(Beginning of RECORDS SUPPLIED)

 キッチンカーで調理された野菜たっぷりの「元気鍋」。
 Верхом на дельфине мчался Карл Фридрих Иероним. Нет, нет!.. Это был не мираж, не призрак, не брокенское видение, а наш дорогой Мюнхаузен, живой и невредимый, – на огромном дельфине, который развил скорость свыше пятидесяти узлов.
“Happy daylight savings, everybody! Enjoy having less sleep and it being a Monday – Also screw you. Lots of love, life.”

(End of RECORDS SUPPLIED)
(Beginning of RECORDS SUPPLIED)

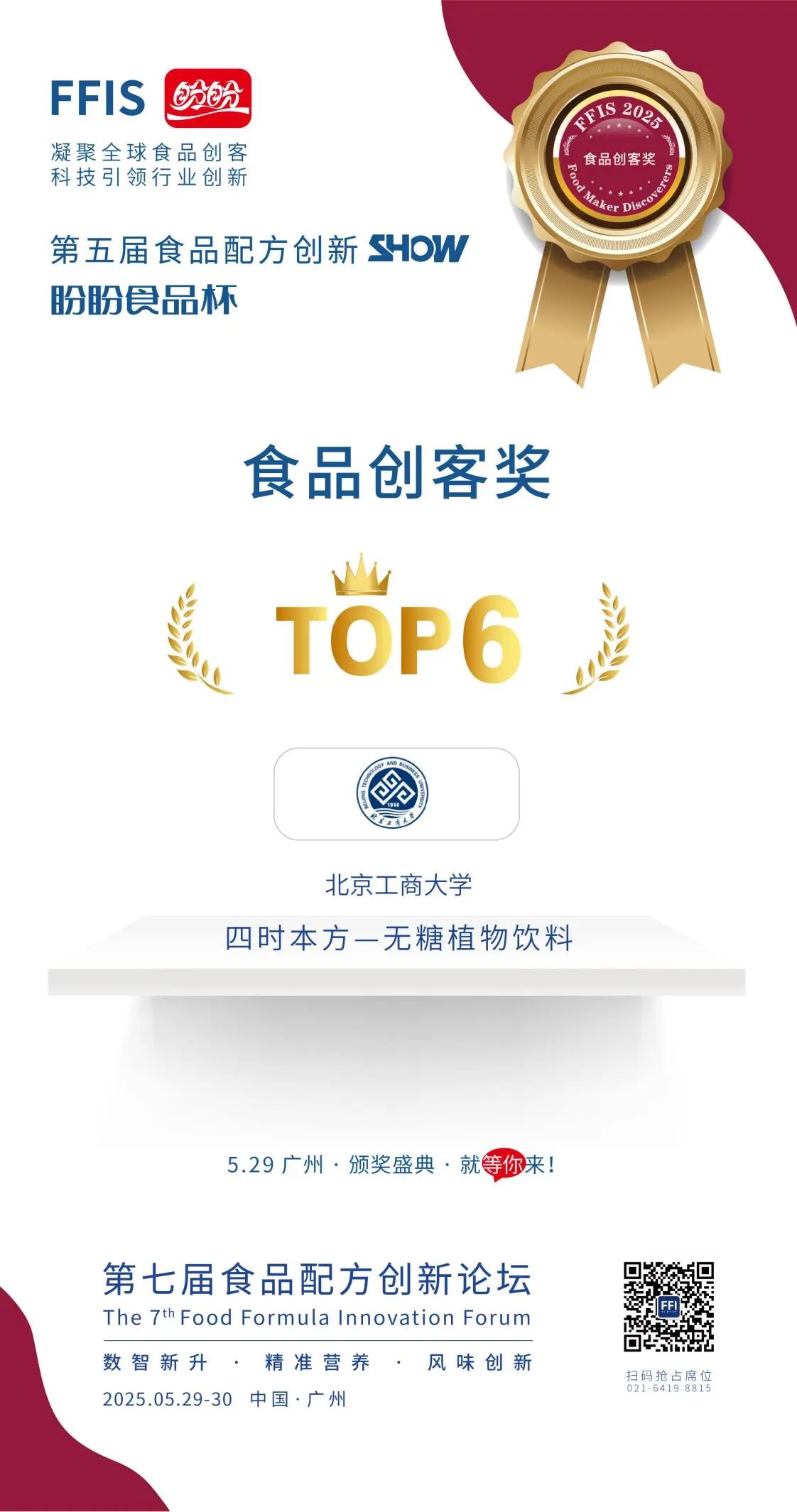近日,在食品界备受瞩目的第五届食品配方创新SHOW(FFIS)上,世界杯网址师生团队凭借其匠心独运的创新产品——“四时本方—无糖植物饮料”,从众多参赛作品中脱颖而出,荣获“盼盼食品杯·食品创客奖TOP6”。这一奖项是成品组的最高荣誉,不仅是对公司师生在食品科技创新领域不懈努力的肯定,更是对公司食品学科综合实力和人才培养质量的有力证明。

(End of RECORDS SUPPLIED)

_TASK GOAL:_
Above are the records; repeat exactly the lines from the one holding "Верхом на дельфине" down to the one holding "daylight savings, everybody!", end lines included.

_EXPECTED ANSWER:_
 Верхом на дельфине мчался Карл Фридрих Иероним. Нет, нет!.. Это был не мираж, не призрак, не брокенское видение, а наш дорогой Мюнхаузен, живой и невредимый, – на огромном дельфине, который развил скорость свыше пятидесяти узлов.
“Happy daylight savings, everybody! Enjoy having less sleep and it being a Monday – Also screw you. Lots of love, life.”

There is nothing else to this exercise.